A difficult realization came to me recently: that many of my opinions, especially the opinions I form about things I read on-line or hear about from my friends, are often the result, not of a logical assessment of all the facts, but of a kind of confirmation bias.
I hear or see a story. I immediately have a REACTION to that story (what a sexist shit head, or that person is a selfish tool, or that guy is obviously just out for himself - you get the idea). I then I create a more fully formed OPINION not always from having gotten more information, but from my need to codify my initial reaction; I scan the horizon for whatever I can find that supports it. As such, any facts or information that is in opposition of my initial reaction is summarily dismissed as irrelevant or wrong.

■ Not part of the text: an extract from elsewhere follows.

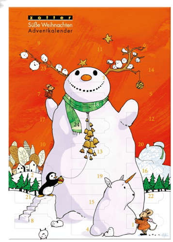 Der Zotter BIO Adventkalender Süße Weihnachten verbindet festliche Vorfreude mit hochwertiger Schokolade in Bio‑ und Fair‑Handelsqualität. Mit 24 unterschiedlichen alkoholfreien Mini‑Tafeln – pur und gefüllt – begleitet er Kinder und Erwachsene durch die Adventszeit. Verpackt im ansprechenden Schneemann‑Design mit Goldeffekt setzt er ein stimmungsvolles Highlight für die Weihnachtszeit.

If you have been reading my essays you know that I have been trying recently to see the ways in which my view of myself, others and the world has, in the last 10 years especially, been formed more by shit I read on-line than by the actual experiences I have of myself, others and the world.

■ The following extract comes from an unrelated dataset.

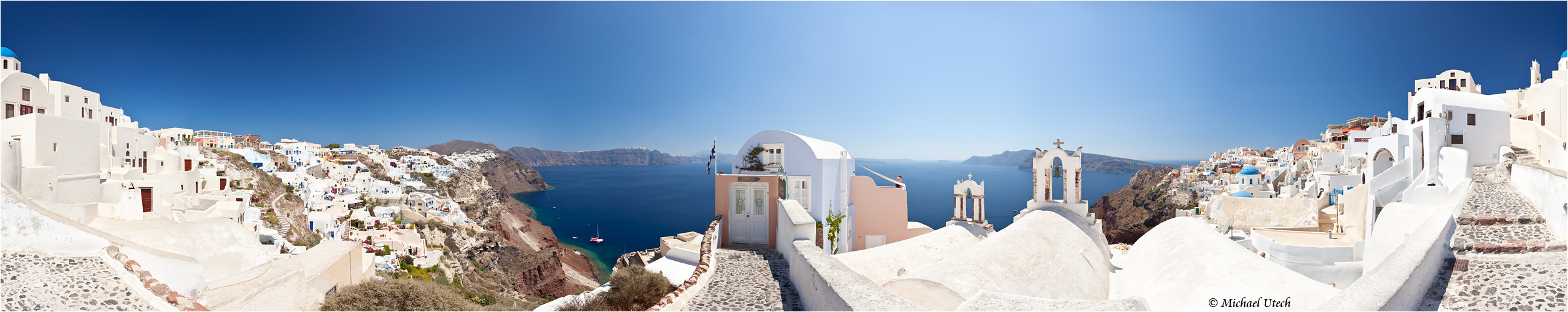 Rundumpanorama mit Blickrichtung Caldera - nur während die anderen Touristen Mittagessen waren konnte ich hier kurz ungestört fotografieren, ansonsten steht das Stativ auf dem schmalen Weg zu sehr im Weg...

The indignant pile-up on a person who everyone has decided is the identified problem can be troubling to me. These attacks are more often fueled by our convictions about an issue than by the actual irredeemability of the individual. What I mean is this: if someone is accused of, let’s say, sexual harassment - my opinion of that person and their guilt and the state of their heart and their actual ethics is based more in my distain for and experience of sexual harassment and patriarchal bullshit in general than it is in any actual facts about the person in question. We so often seem to collapse the distinction around our feelings about an issue and the worth and dignity of a person who has been accused of something we loathe and I wonder what it looks like to just take a breath.